OMAFRA Factsheet 81-060 May 1981
The storage and handling of livestock feeds in the ensiled form, for instance, whole-plant corn silage, hay crop silage, high moisture corn, etc, has a number of advantages. These, however, can only be fully realized if the farmer selects the type of storage structure (silo) most suited to his particular farm situation.
Regardless of the farm situation, type of crop, type of storage structure, etc, it is important to think of each part of the feed handling picture, from field to feedbunk, as a total feed handling system. This means that each segment, each piece of equipment, storage structure, etc must be chosen with the whole operation in mind, so that it fits in well with every other segment to make the total the most effective, efficient combination possible. No one part should be allowed to create a bottle-neck in the system.

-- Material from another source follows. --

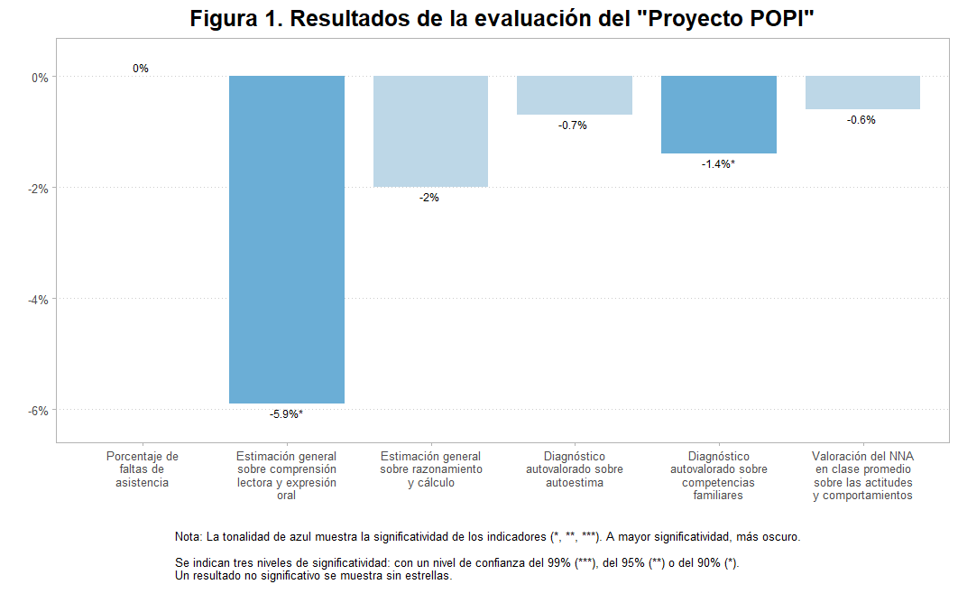 La Figura 1 muestra el porcentaje incremental de cada indicador de resultado principal (medido al final de la intervención) para el grupo de tratamiento comparado con el grupo de control.

This Factsheet will illustrate how to choose a silo with the whole farming
operation in mind, for example, type and size of enterprise, type of livestock, type
of feeding system, etc.
A silo is more than just a structure to hold a harvested crop in one place until it is needed for livestock feed. Its most important function is to provide the right environment for a proper ensiling process to take place, thereby minimizing feed loss and making a high percentage of the nutrients grown in the field available to the livestock. Essentially this means exclusion of air from the ensiling mass. In addition, the structure should be so designed and located that it provides labour saving storage that fits into a totally efficient handling system.
TYPES OF SILOS
1. Vertical Silos
In the past, vertical or tower silos have been constructed of many different materials. Today, nearly all are built of either concrete or steel. Tower silos may be further divided into two types: (a) open to the atmosphere on top i.e. open-top; or lb) sealed to control the internal atmosphere - i.e. - oxygen-limiting.
.(a) Open-Top Silos
Nearly all open-top silos today are made of concrete, either cast-in-place (poured) or pre-cast stave. There are several brands of steel open-top silos available but to date these have not gained widespread acceptance in Ontario. Basically all open-top silos use some type of top unloader.
(b) Oxygen-Limiting Silos
Most oxygen-limiting silos are constructed of steel or concrete. Of the steel units, the most popular is made of bolted panels of glass-fused-to-steel. As well, there are units available that consist of galvanized steel with some type of interior lining or coating to protect the steel from the corroding effects of silage acids. Oxygen-limiting silos are also constructed of concrete. Until recently these were all cast-in-place units; more recently several companies have started to market oxygen-limiting silos made with pre-cast concrete staves together with some type of interior lining. In addition, several attempts have been made to supply Ontario farmers with silos made from fibreglass, but to date this has not proven economically successful.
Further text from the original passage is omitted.